As we would do with any plan of any thinkthank. But we do are aware of the current events at the Foundation [so funding for the moment isn't very likely].
What their spokesman says cannot be misunderstood : if you have a plan to "feed the health debate" and tell us how much effort you will put into it, we can see how much money you get.
The story this man is telling is the industry is not just donating money to thinkthanks having a bias that suits them. What he describes is a nothing but an ordinary bussiness deal.
Pfizer ultimately stopped funding the Burke foundation, to fund a new thinkthank which suited them better than EBF. The consequences were dire :
- Bart-Jan Spruyt's salary dropped from 75.000 € yearly to zero euro
- His number of employees dropped to zero
- thanks to the European Independent Institute (the Burke offshoot which Pfizer started funding after Burke) they were able to keep their office, which they could not offard to pay for themselves anymore.
It shows what every thinkthank accepting corporate money, and every skeptic entering the thinkthank world (which all the best known climate skeptics have done so) has to face: play the corporate game, or get kicked out, with all the consequences involved.

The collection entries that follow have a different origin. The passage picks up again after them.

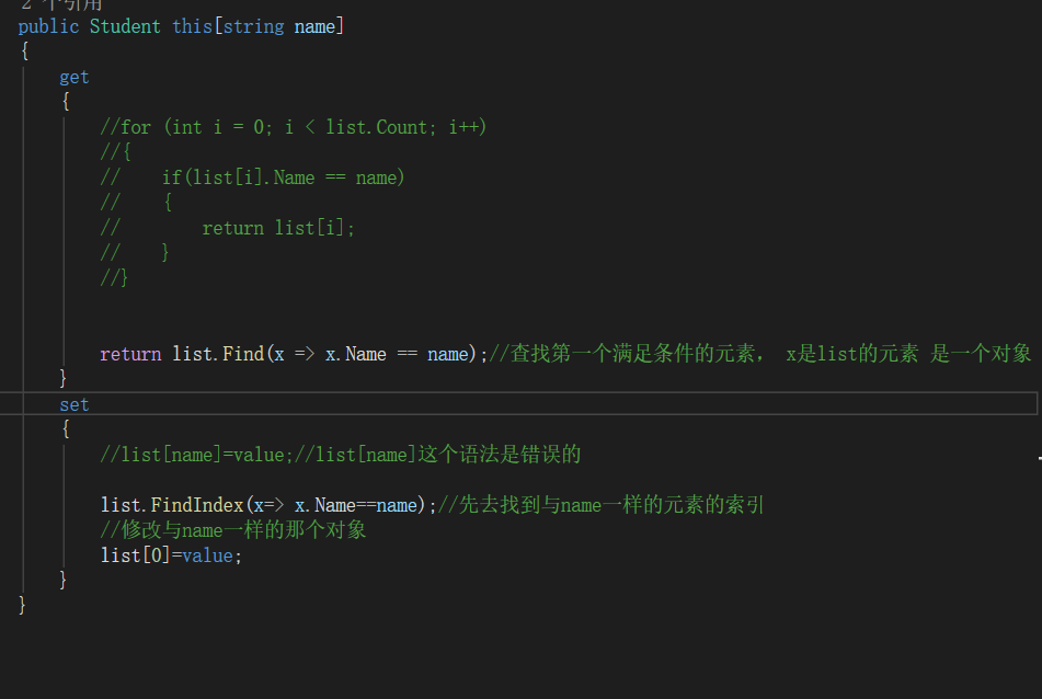 Console.WriteLine(cs["余伟"].Name);//arr[""]进行获取
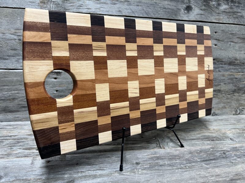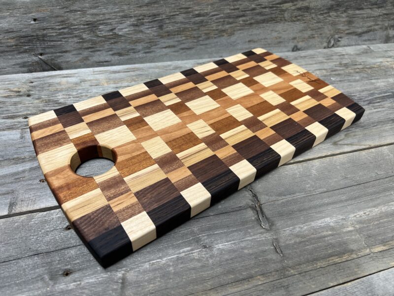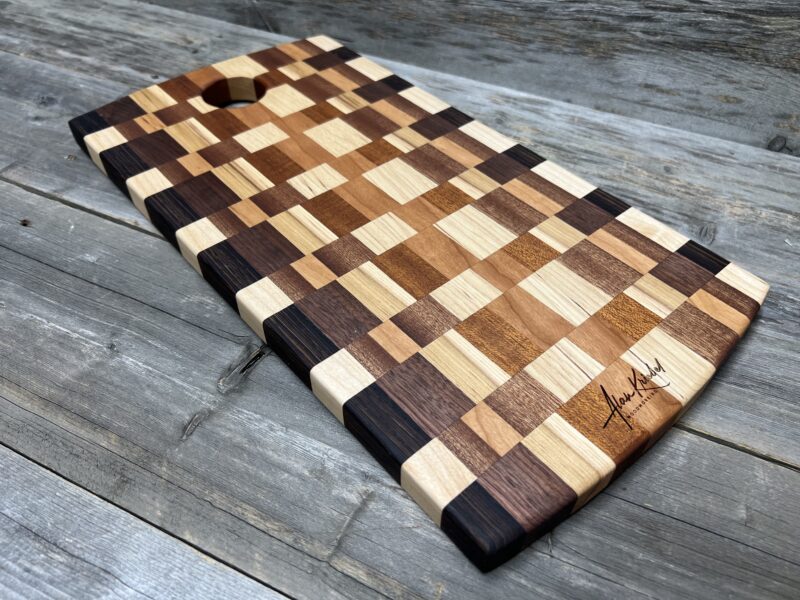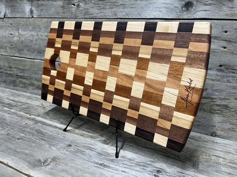 This handcrafted Checkered pattern cutting board features a classic, timeless pattern meticulously assembled from premium hardwoods, including rich walnut, warm maple, golden tones, and contrasting dark accents.
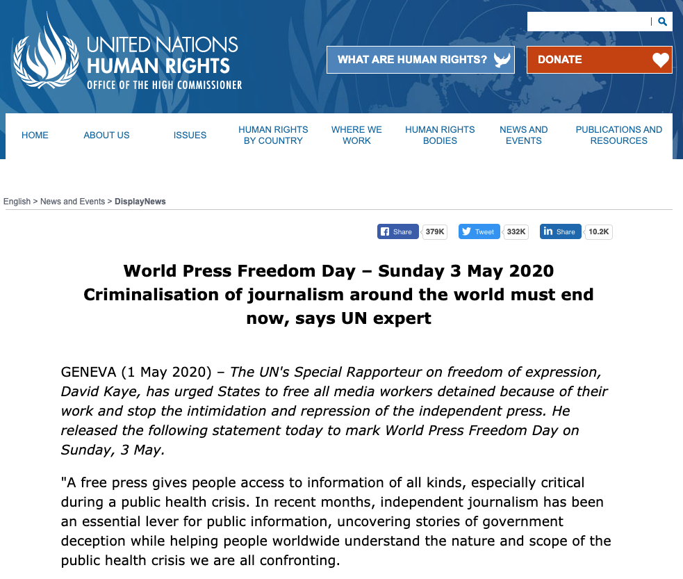 「自由な報道は人々にあらゆる種類の情報へのアクセスを与える。公衆衛生上の危機の際には特に重要である。ここ数ヶ月、独立したジャーナリズムは、政府の欺瞞を暴き、世界中の人々が私たちに直面している公衆衛生危機の性質と範囲をわかりやすく伝える一方で、公共情報を提供するための不可欠な手段となっている。
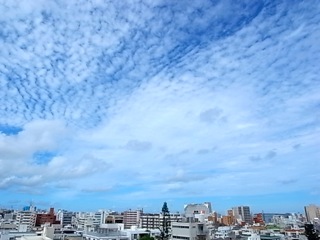 今日の沖縄の空。少し厚めの鱗雲が空一面に。

And while for some sort of backgrounds, getting kicked from a thinkthank isn't the end of you, for others it is, especially the scientists, it is more problematic : people like climate skeptics cannot return to regular science, that door is shot. I think that makes it very difficult to leave the lobbyworld.

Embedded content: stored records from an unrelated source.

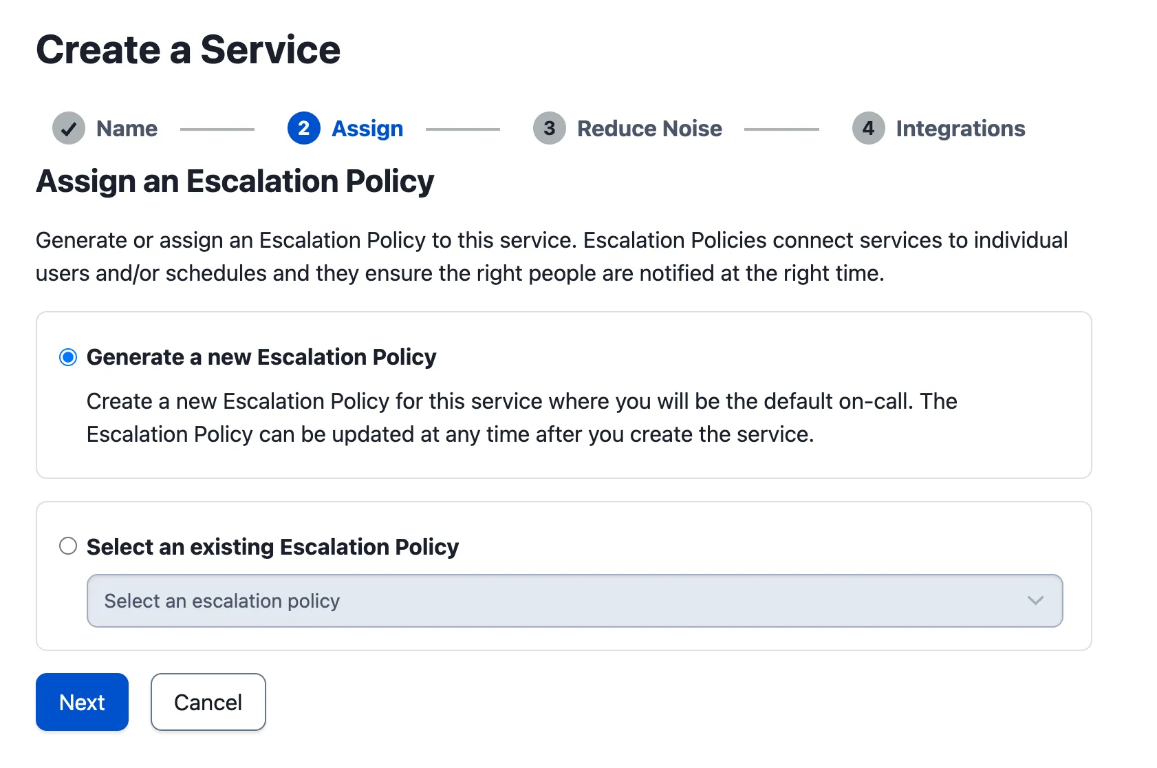 6. (서비스를 신규 생성하는 경우) 적절한 Escalation Policy를 신규 생성하거나 기존 Escalation Policy를 선택한다.
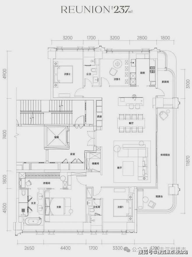 此次推出42套197平与237平大四房户型,专梯专户,可私信看户型图!!!
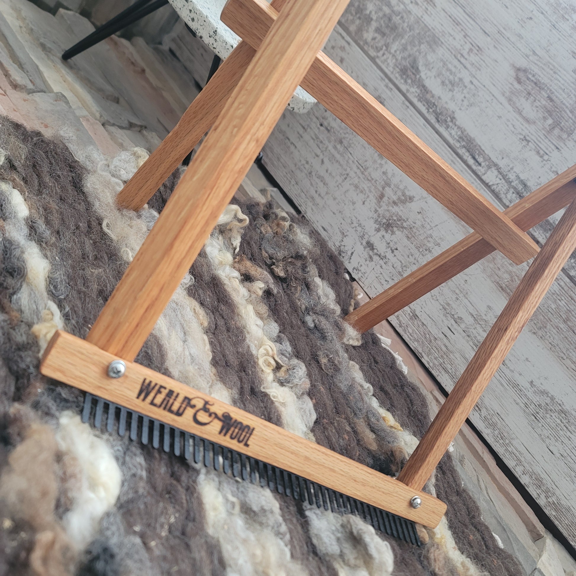 Looms include a durable set of steel combs for your warp strings, and can be partially disassembled for transport. All looms will ship assembled. Keep in mind that disassembling your loom may cause it to be out of square when you re-assemble it - but don't worry, it is easy to re-square! Just set your loom on the corner of a table and use the corner to align the loom - then re-tighten all the wing nuts!
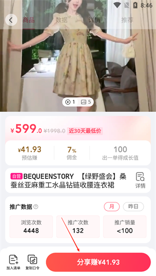 3、页面会显示“分享赚XXX钱”,明确标注佣金金额;
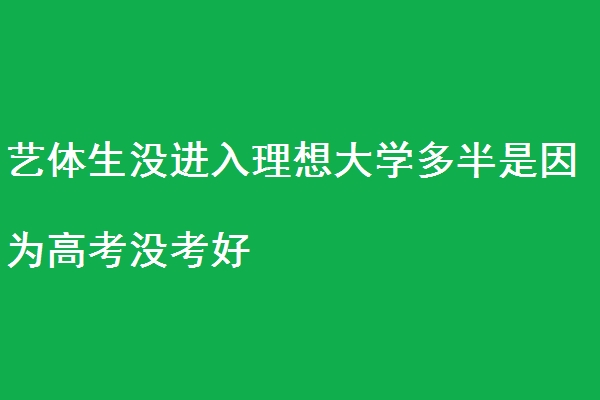艺体生没进入理想大学 多半是因为高考没考好,艺考2,左马艺考,艺考压肩艺考生最终的大学录取,不单单只要专业课过关就可以。其实对于艺体生来说,高考和艺考是一样重要的。艺术生的高考和普通学生的高考一样,拼的都是文化课的成绩。
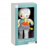 Održivost proizvodnje potvrđena je upotrebom GOTS organskog pamuka, recikliranih materijala i netoksičnih boja. Igračka je lagana, lako se drži i sigurna za bebe 0+, idealna za kolica, krevetić i za dom.

About the influence of companies on thinkthanks, Bart-Jan Spruyt had the following to say :
Companies nowadays are only willing to donate if they are allowed to decide what our agenda is. An example is a pharmaceutical company which only wanted to support us if in return we'd attack the new plan of minister Hoogervorst of Public Health.
This way, the Burke Foundation would risk to loose its credibility and independency. It is terrible. I had the choise : continue with this way of funding the foundation, or return to the basics EBF was set up for.

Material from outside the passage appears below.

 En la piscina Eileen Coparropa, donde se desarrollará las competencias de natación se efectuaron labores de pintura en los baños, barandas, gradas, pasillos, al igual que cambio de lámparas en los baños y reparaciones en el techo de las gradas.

The Burke foundation took a restart and became a small unimportant group, without much media attention.
The bargain Pfizer did
But in the times before that restart, the influence of the corporate money on EBF was substancial : the Burke foundation was meant to be a conservative thinkthank where people thinking alike could gather and debate the big things in life.
The reality after five years accepting money from Pfizer : Nearly half of all the brochures Burke published were dealing with Health care related subjects, instead of dealing with theoretical conservatism.
Diplomat Jess L. Baily, at the time the number two in rank at the US-embassy in Amsterstam concluded :
Pfizer did a great bargain with that Spruyt-guy : for just a little bit of money they gave him, that man manifested himself excellently the way they wanted. The time it lasted, he was in the newspapers everywhere
The lesson we've learnt is clear : while a thinkthank itself may presume that, for a little favor in return, with corporate money they have the chance to promote their own political worldview; the reality is different : by accepting corporate money, a thinkthank automatically partially becomes a tool of its financers.
It's an important lesson for understanding the climate change debate, where nearly all climate skeptics seem to have close connections with free-market thinkthanks. Thinkthanks who in their turn depend on corporate money, like Exxon money.
And at the end, some climate skepticism before bedtime
Even though it never was their core bussiness, the Burke Foundation expressed climate skeptical views. And in 2003, the Dutch anti-environmentalism organisation De Groene Rekenkamer published a "greenbook" in which a lot of environmental issues were labelled 'non-existent' or 'exaggerated'.
Even though nearly everything involving the book was done by the Stichting-HAN (they will appear later in the series) and Kouffeld's Nuclear Energy Foundation, the Burke foundation is mentioned as one the four co-authoring organisations.
How they ended up being involved with a greenbook ? Nescio.